Why should I bother when I can use other languages that are free right now? I'd like a free java 1.5, and it would make a difference to me, but if I'd have to do it myself I'm just going to use something else.
Yes, and Java. I haven't done big projects with either, but I've made a few applications, and Mono seems nicer.
Reread the second part of that required ingredient. You still need to make it a lot bigger before it's going to work. Still, seems my mass driver may not be the thing to destroy the earth after all.
If you RTFA I think you'll find they're claiming they're not spammers and so suing him for defamation. Which, if they're really not spammers, they have every right to, and indeed should to protect their name.
Yes, we still hate it. They're trying to make us not hate it by pretending that the reasons we hate it don't really count. But they do. Until Java shows up in Debian main, keep hating it.
Java is not free because there is no free implementation of it, unlike C. The fact that the documentation and things are available means nothing while there is no free implementation. It may make a difference in the future, but at the moment Java is not free while C and C# are.
IIRC the JVM has to be included for the primary purpose of running the java app you bundle with it. So unless you can make a good argument that the main reason you included the JVM was so people could run "Hello, world", no. Many distros include enough java programs (azureus, jedit, etc.) that they can make that argument and include it on their CDs, but when you're doing it over ftp you can only really put it on the isos, because when you have the file available separately you're distributing it on its own.
The implementation is not open though. Which means that I can't fix bugs in it, I can't make a special version to run on my weird machine, and as someone else pointed out using it on an OS sun doesn't support is a nightmare.

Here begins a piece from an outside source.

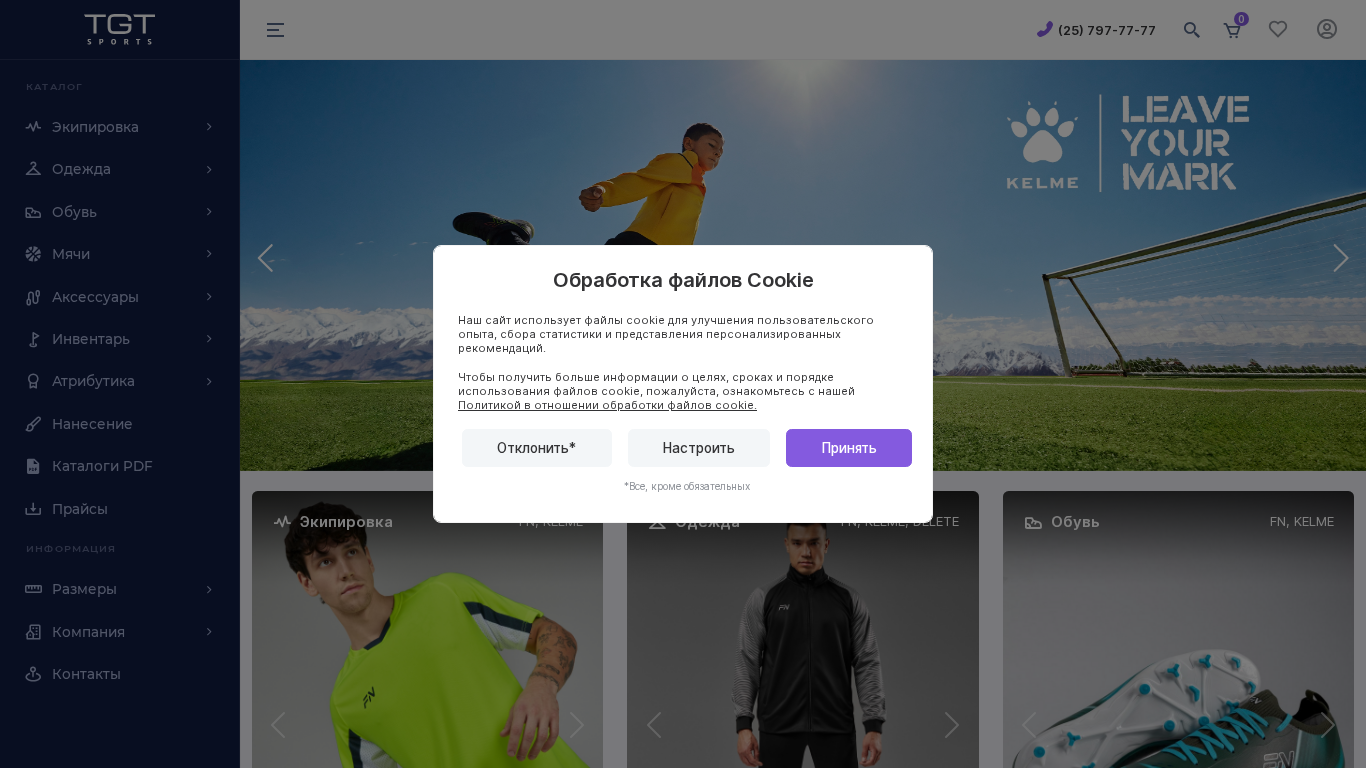 | SEO-описание | Большой ассортимент футбольной, баскетбольной, волейбольной, гандбольной формы брендов KELME и FN в магазине интернет-магазине - S-TGT.BY. Бутсы, футзалки, шиповки, кроссовки, борцовки и т.д. |

There are three different open source attempts to write a Java setup. At least one of them happened for the sole reason that Sun's one is not open source so couldn't be included in Debian. So if it was open source from the start there would be at least one less fork. The fact is refusing to open the language has not prevented it forking, it has encouraged more forking to happen. You could argue that the greater ease of forking from having the full setup available to start your fork would have led to more forking, but I doubt it because people dislike "unofficial" versions. Especially if they kept the trademark, I can't imagine any non-Sun forks gaining popularity unless they were at least 20% better than Sun's, in which case the benefit from those improvements probably outweighs the damage done by forking.

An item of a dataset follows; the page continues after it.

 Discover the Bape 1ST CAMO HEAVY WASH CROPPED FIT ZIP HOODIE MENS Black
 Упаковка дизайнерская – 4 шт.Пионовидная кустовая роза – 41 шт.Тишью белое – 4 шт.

But most programs are small programs. If it doesn't work for the small stuff, it doesn't work, because in the end it's all small stuff. I have tried a lot to work in Java, but all it seems to do is combine the extra typing of C with the runtime performance of Python.

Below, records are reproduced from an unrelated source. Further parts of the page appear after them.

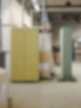 In Lammhult, the production staff are specialists in painting with egg oil tempera - a time-consuming process that requires a lot of manual labor and a long drying/curing time. After the first coat of egg oil tempera, the furniture is sanded before applying the next layer.
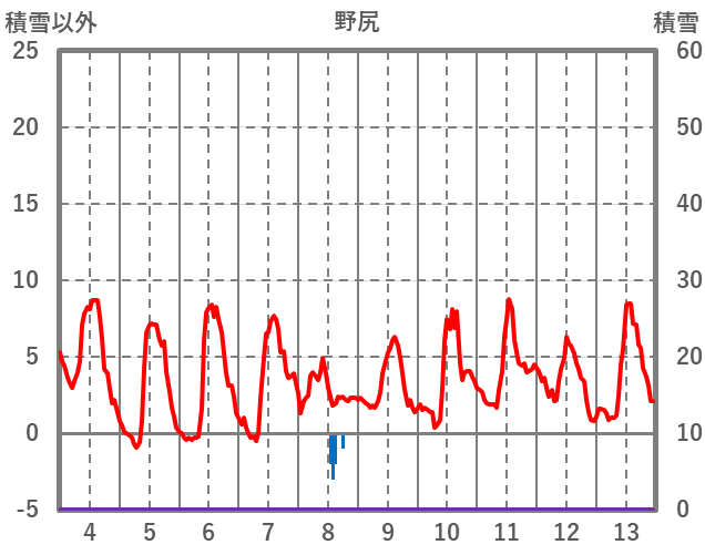 | 日 | 時 | 気温 | 降水 | 風向/風速 | 日照 | 積雪 | 降雪 |
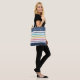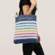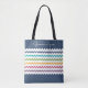 Uppdatera din sommarskåp med denna personliga shoppingväska med färgglada vågiga ränder i nyanser av blå, turkosgrön, gul och rosa. Kraftig marinblå färgblockering, trendiga scallopade kanter och ett anpassningsbart monogram fullbordar denna roliga design. Ändra namnet för att skapa en unik present som är perfekt för tonåringar och kvinnor i alla åldrar. Oavsett om den används för shopping, en dag med vänner eller en helgutflykt, kommer denna mångsidiga väska att tillföra en touch av färg till vilken outfit som helst, vilket gör den till den perfekta accessoaren för sommaräventyr.

No, MS didn't release it as GPL, but the fact is that .net as a platform is more open than Java because there is a working open .net implementation while the open java implementations are seriously lagging. And it's very easy to explain: native look and feel is far far far nicer than nonnative, and you would be hard pressed to find a toolkit anywhere that looks worse than Swing. DR's GEM is the only thing I can think of that rivals it for ugliness.
That's because of centralised control. You'll find that Debian is laid out as well as FreeBSD, because they have very strict packaging guidelines and a policy on these things. But you lose some of the flexibility. As a gentoo user I have packages all over the place, but that's mostly because I put them there, and because the system for adding new stuff is more open.